57. Use of a vegetable fat composition according to any one of claims 43 to 49 in which palmitic acid is present at the sn2 position or a processed vegetable fat composition according to any one of claims 50 to 56 in the manufacture of an infant formula.

58. Use of a vegetable fat composition according to any one of claims 43 to 49 in which palmitic acid is present at the sn2 position or of a processed vegetable fat composition according to any one of claims 50 to 56 in the manufacture of a plant-based food, such as a non-dairy infant food.

59. An infant formula comprising 15 to 100 wt%, for example 15 to 99 wt%, of the vegetable fat composition according to any one of claims 43 to 49 in which palmitic acid is present at the sn2 position or the processed vegetable fat composition according to any one of claims 50 to 56, compared to the total amount of fat compositions in the infant formula.

Various embodiments are described below with reference to the accompanying drawings. It should also be noted that the drawings are only intended to facilitate the description of the embodiments. It is not intended as an exhaustive description of the claimed invention or as a limitation on the scope of the claimed invention. Furthermore, the illustrated embodiments need not exhibit all aspects or advantages. Aspects or advantages described in connection with particular embodiments are not necessarily limited to the embodiments described and may be practiced in any other embodiments, even if not so illustrated, or even if not so explicitly described.

Examples

The fatty acid composition is given in% of fatty acid residues and analyzed with IUPAC 2.304.

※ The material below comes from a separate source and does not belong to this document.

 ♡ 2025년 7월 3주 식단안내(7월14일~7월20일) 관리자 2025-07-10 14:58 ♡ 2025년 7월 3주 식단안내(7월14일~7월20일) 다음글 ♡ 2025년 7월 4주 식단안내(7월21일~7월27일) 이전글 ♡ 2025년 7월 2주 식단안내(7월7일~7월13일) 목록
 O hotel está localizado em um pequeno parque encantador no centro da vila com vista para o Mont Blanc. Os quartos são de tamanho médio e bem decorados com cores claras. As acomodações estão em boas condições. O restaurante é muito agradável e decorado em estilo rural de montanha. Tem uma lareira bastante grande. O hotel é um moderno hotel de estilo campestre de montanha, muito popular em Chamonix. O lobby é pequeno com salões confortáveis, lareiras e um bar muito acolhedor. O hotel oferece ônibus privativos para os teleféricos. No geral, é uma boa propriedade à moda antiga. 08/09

The fatty acid composition at Sn2 is given as% of fatty acid residues at Sn2 and analyzed with IUPAC 2.210.

C16 in Sn 2: 0 represents the total C16: 0% is calculated as 100/3 (C16:0 at sn2 position measured by IUPAC 2.210)/(C16:0 measured by IUPAC 2.304), where 3 in the denominator is due to three positions in the triglyceride.

Triglyceride compositions C48 to C54 are given in% of triglycerides and are analyzed with IUPAC 2.323.

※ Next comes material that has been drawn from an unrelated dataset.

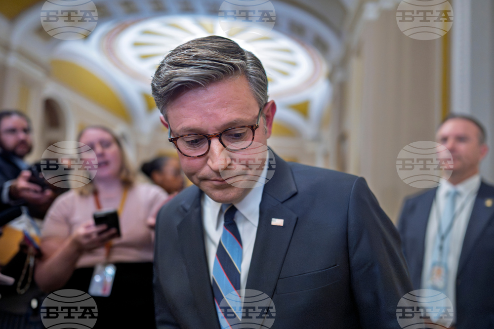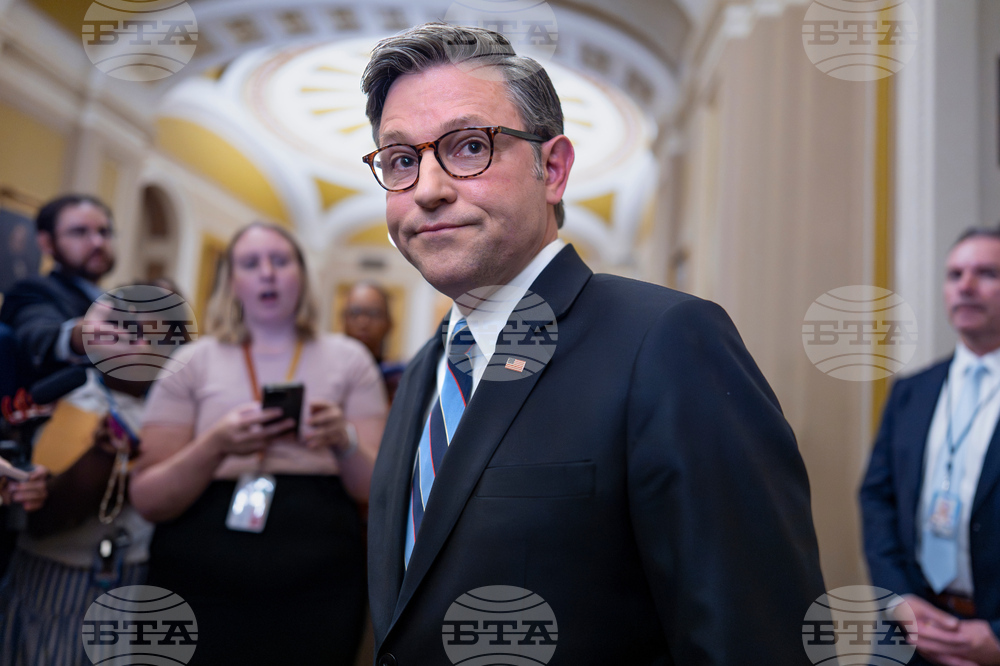 House Speaker Mike Johnson, R-La., speaks to reporters on Capitol Hill in Washington, Tuesday, Oct. 7, 2025. (AP Photo/Allison Robbert)
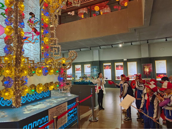 随后,孩子们有序跟随博物馆科普讲解老师走进中国彩灯博物馆参观基本陈列,感受中国灯文化魅力。在参观过程中孩子们发现,原来钻木取火的故事也跟远古“神鸟”有关。人们对鸟类的喜爱也体现在了灯具中,不同历史时期的灯具都用到了鸟类的形象:比如汉代的“朱雀灯”、明清时期的“铜仙鹤烛台”等等……鸟儿们带着“喜庆、长寿、好运”的美好寓意,随着灯火在历朝历代中闪闪发光。

Diglycerides and monoglycerides are given in% of acyl glycerols and analyzed with AOCS Cd 11 d-96.

The free fatty acids are given as% palmitic acid residues or oleic acid residues and analyzed by IUPAC 2.201.

Iodine number was analyzed with IUPAC 2.205.

Comparative example

Chemical transesterification palm stearin IV 34 with 59.7% palmitic acid was transesterified with oleic fatty acid (45:55 ratio) using immobilized 1,3 specific lipase from Rhizopus oryzae. The degree of transesterification was 93%. The residual fatty acids are separated from the acylglycerols by distillation.

* Ratio of oleic acid in sn1 and sn3 (calculated by the difference between the sum and sn 2) to oleic acid in fatty acids removed by distillation.

Comparative example 2

Palm stearin (obtained from organically certified palm oil by two dry fractionation with a yield of about 7%) containing 74.4% palmitic acid residues with oleic acid fatty acid (1:1.5 ratio) was transesterified to a degree of transesterification of 90% using immobilized 1, 3-specific lipase from Rhizopus oryzae with an Iodine Value (IV) of 19.2. The residual fatty acids are separated from the acylglycerols by distillation.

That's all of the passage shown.